Pale FlowerHe derives personal release, an actual happiness, in killing. Later yakuza heros of the classic period do not express joy in killing, but have an edge of gentleness that renders them sorry for murderous actions that must be taken for the sake of one's sense of justice or humanity.

They are conflicted about their duty to an oyabun who is apt to have a cruel agenda vs their sense of fair play or humanity which requires the gambler to remain in the shadows & not hinder or injure innocent folks from outside the gambler's world. By the mid-1970s when the chivalrous yakuza films had run their course, & more so with each decade, central protagonists of yakuza films were less heroic & increasingly sociopathic, so perhaps truer to Shinoda's original vision.

In the films which imitate Pale Flower but did add the chivalrous ingredient, obligation to the paternal boss vs a sense of fairness that when imbalanced leads to a thirst for revenge or justice are the major character motivations, themes opposing Pale Flower's grimmer sentiments.

Kon Ichikawa has the titular hero of Sanshiro of Ginza played by Susumu Fujita masochistically suffer everything, breaking his oath (hence his obligation) to a gangster only when the woman Sanshiro loves is threatened. Sanshiro does nothing to help himself, but turns his sixth-rank judo expertise against the yakuza gang because of the threat against an innocent. Sanshiro is not actually a yakuza; he's a physician; he does not necessarily live by any gambler's code. Yet in this 1950 film more than in Pale Flower we can see the root of the "duty vs humanity" motivations that predominated in the classic era of yakuza-eiga, though the torn figure is a doctor rather than a gangster.


Comparisons aside, Pale Flower is a stand-out film whether viewed in context of the genre of yakuza-eiga, or as its own animal. The black & white photography is sharp with high contrasts & extraordinary beauty.
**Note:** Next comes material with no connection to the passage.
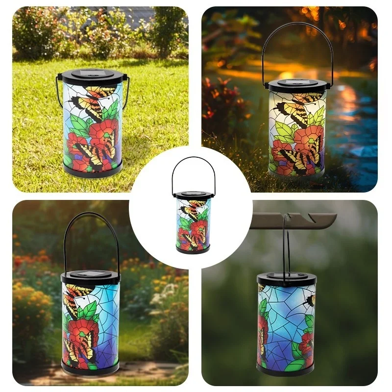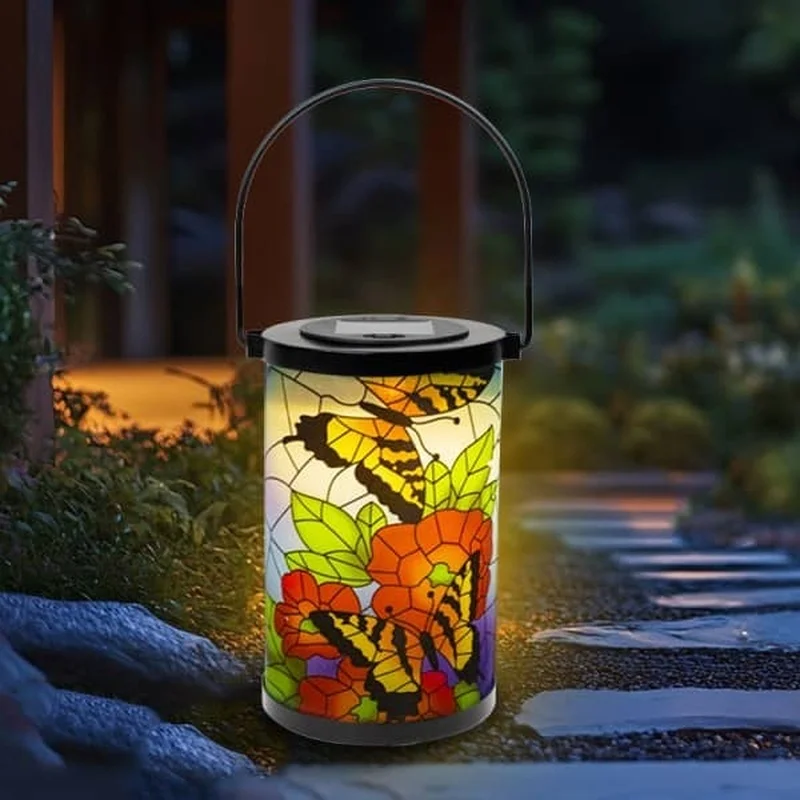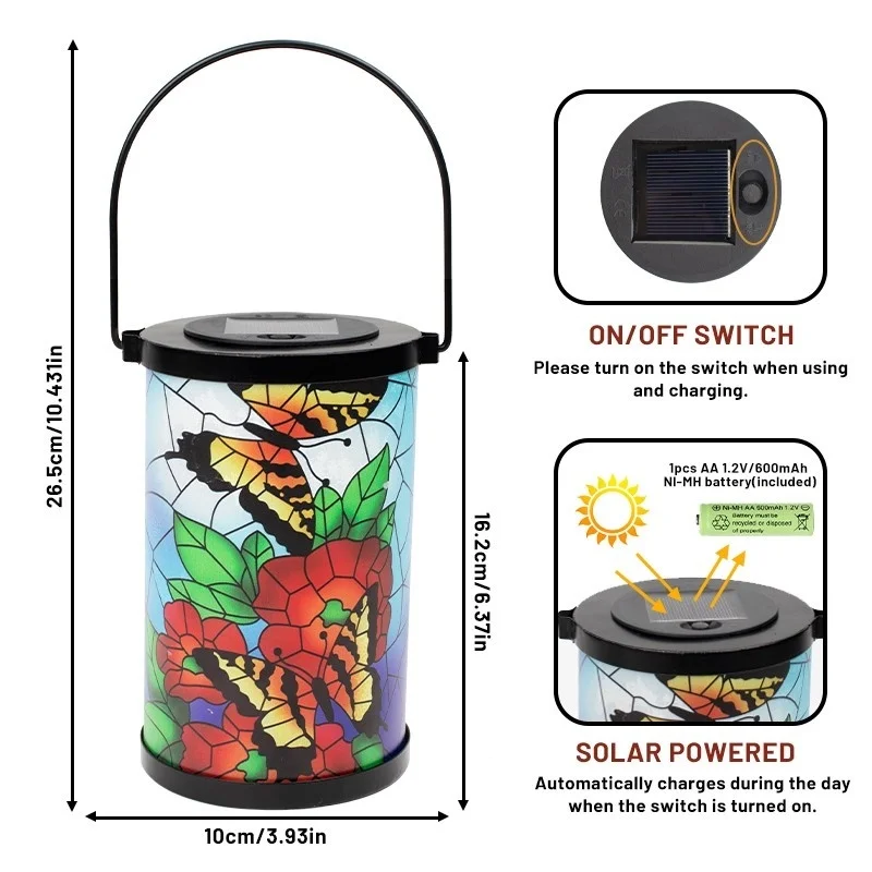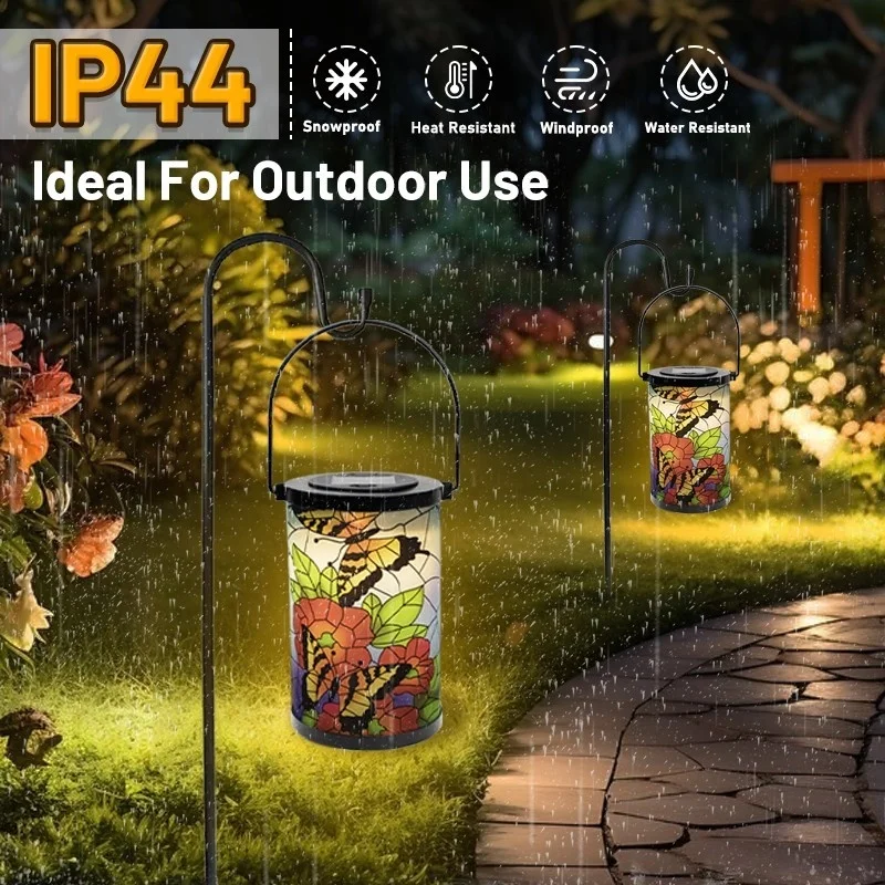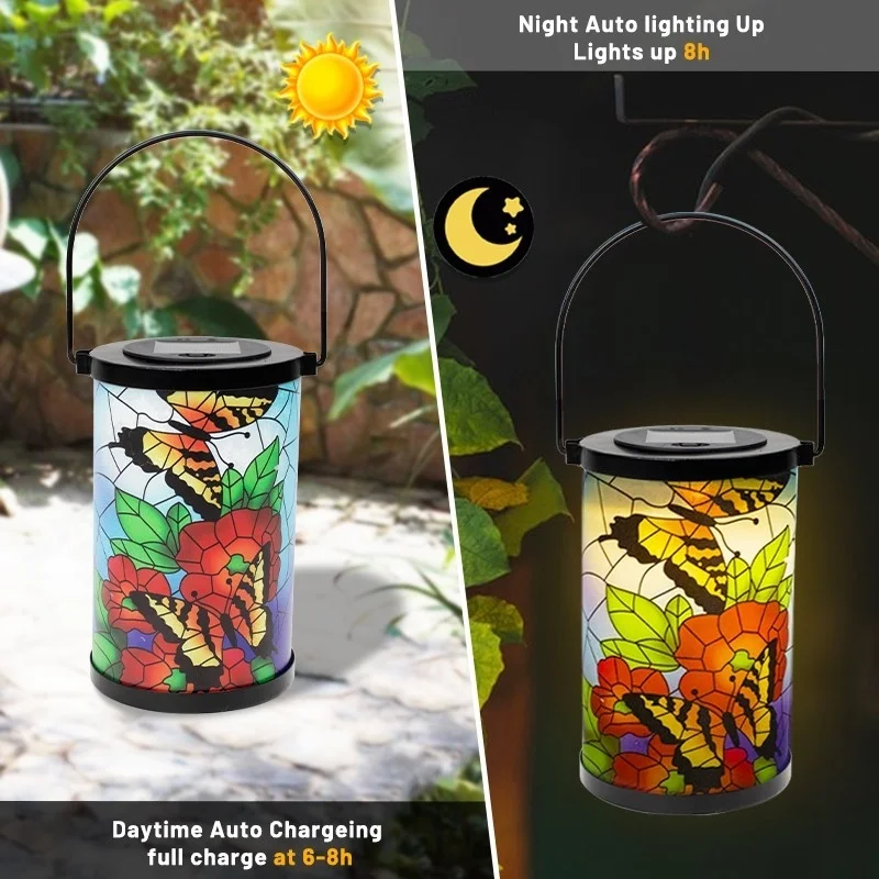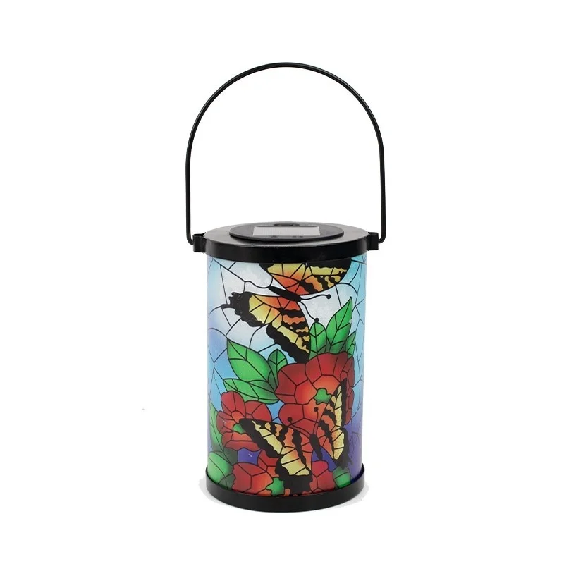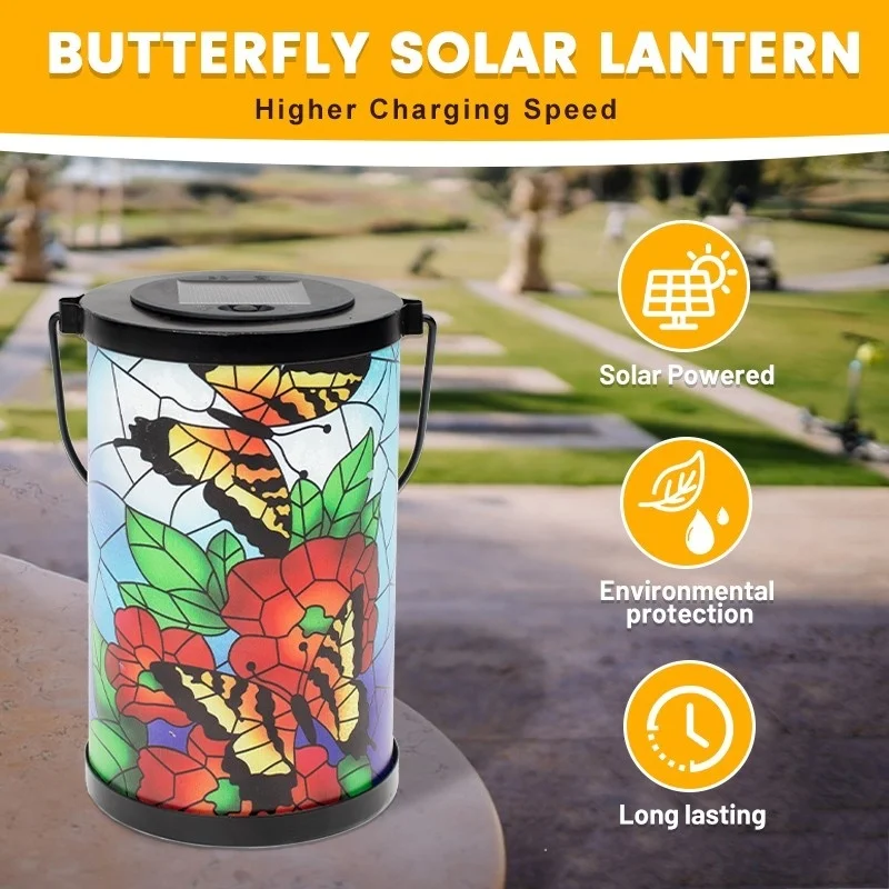 SM24952 Glass Butterfly Solar Lantern Hanging Light with Metal Iron Animal Design
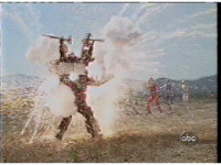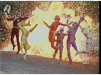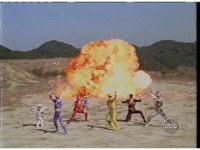 Monitor Org is Savage Slashed, then energy struck, crackling as he then collapses, and explodes massively behind the posing Rangers. |

There is a long sequence of Murakami & Yoh pursuing one another through dark alleys as Yoh throws knives trying to injure Murakami. This is just one of several sequences that push film noir lighting techniques as far as they can go without parody. Many scenes with no action in them whatsoever are charged with moodiness & suspense due to the camera angles & lighting.

It is not actually a vicious film despite its notoriety for brutality. That Murakami is the ultimate amoral hero, who does not acknowledge the humanity of himself or anyone else, makes him more disturbing than romanticized nihilists. There seems to be no part of him that approves of anything about society, & that may ultimately strike the viewer as a more brutal reality than an all-out bloodfest.